Synergistic Effector / Environment Decoding in Primate Motor Cortex

Neuroscience 02:05 PM - 02:35 PM (America/Detroit) 2021/06/09 18:05:00 UTC - 2021/06/09 18:35:00 UTC
Brain computer interface (BCI) technology can be used to bypass damaged motor pathways, allowing people with movement disorders to directly control assistive devices with their thoughts. Current BCI systems are designed to detect information related to intended movements, while excluding information reflecting sensory inputs. However, sensory and motor information are tightly intertwined in cortical circuits, making it difficult to isolate signals encoding motor intention. The goal of this project is to generate new decoding models that simultaneously capture the motor and sensory components of neural activity.
Our approach is based on the analysis of three different types of data: single unit neural ensemble activity, 3D tracking of upper limb motion (from shoulder to fingertips), and estimates of the position and shape of objects in the environment. Neural data is collected using microelectrode arrays chronically implanted into the motor cortex of rhesus macaques. Limbs and objects are tracked using a state of the art markerless motion capture system which relies on transfer learning using deep neural networks (DeepLabCut, Mathis lab).These data streams will allow us to generate models that (1) predict the activity of individual neurons based on upper limb kinematics and object information derived from the visual scene, and (2) predict movement kinematics based on neural activity combined with object information, using camera inputs as surrogate sensory data. 

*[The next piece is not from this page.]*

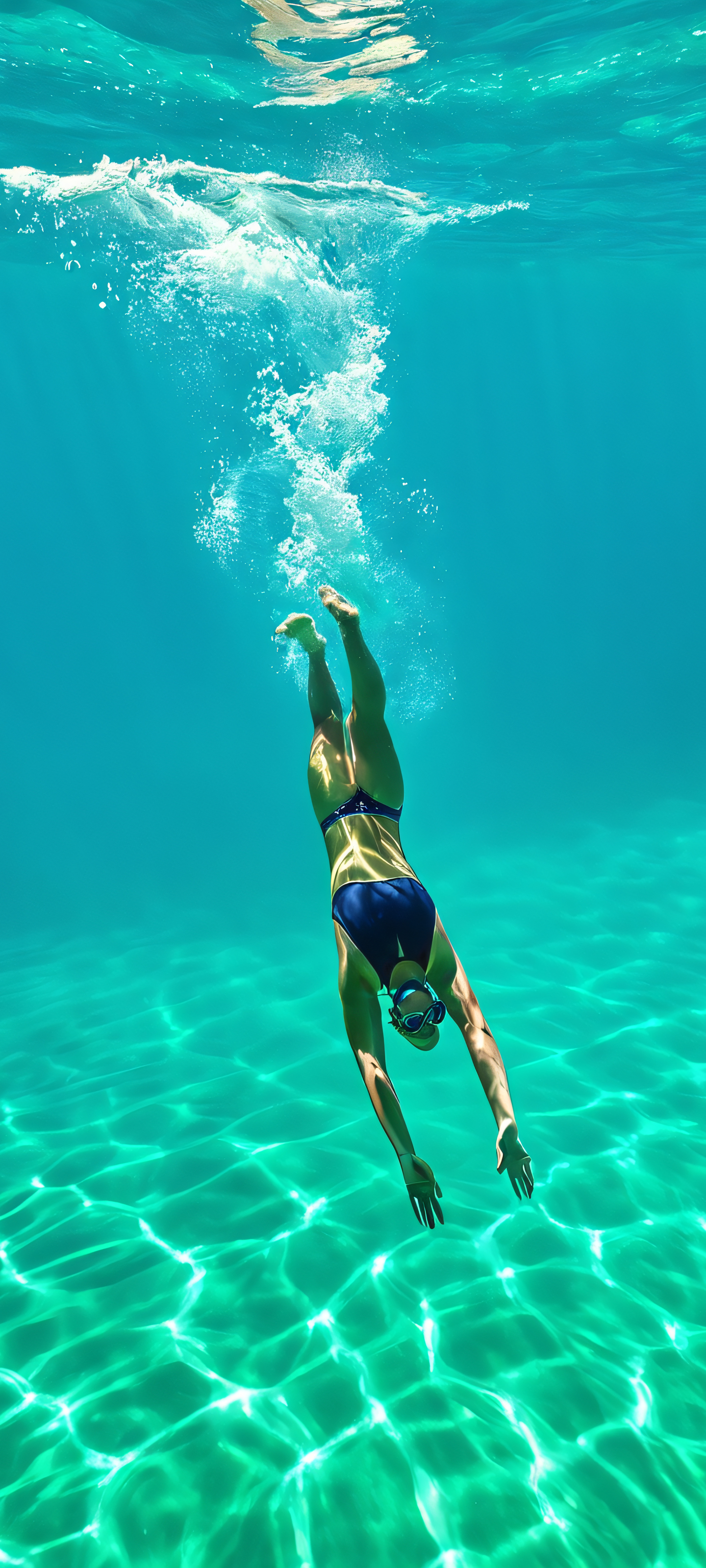 Elevate your mobile experience with this stunning vertical wallpaper featuring a beautifully rendered swimmer amidst a tranquil aquatic scene. Perfectly optimized for iPhone, Samsung Galaxy, and Android home screens, this masterpiece boasts 2K QHD resolution and exceptional detail, making it a must-have for anyone seeking a visually stunning phone wallpaper.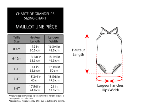 Disponible en taille 0-6m, 6-12m, 1-2T, 3-4T et 5-6T.

Our preliminary results validate our approach by demonstrating that models based solely on movement kinematics fail to capture the full variance in firing rates displayed by cortical neurons, and movement prediction significantly improves by taking into account object information derived from the visual scene. Our results will expand our understanding of visuomotor cortical networks, and will also contribute to the development of more effective BCI devices aiming to restore dexterous movement control to people with motor disorders.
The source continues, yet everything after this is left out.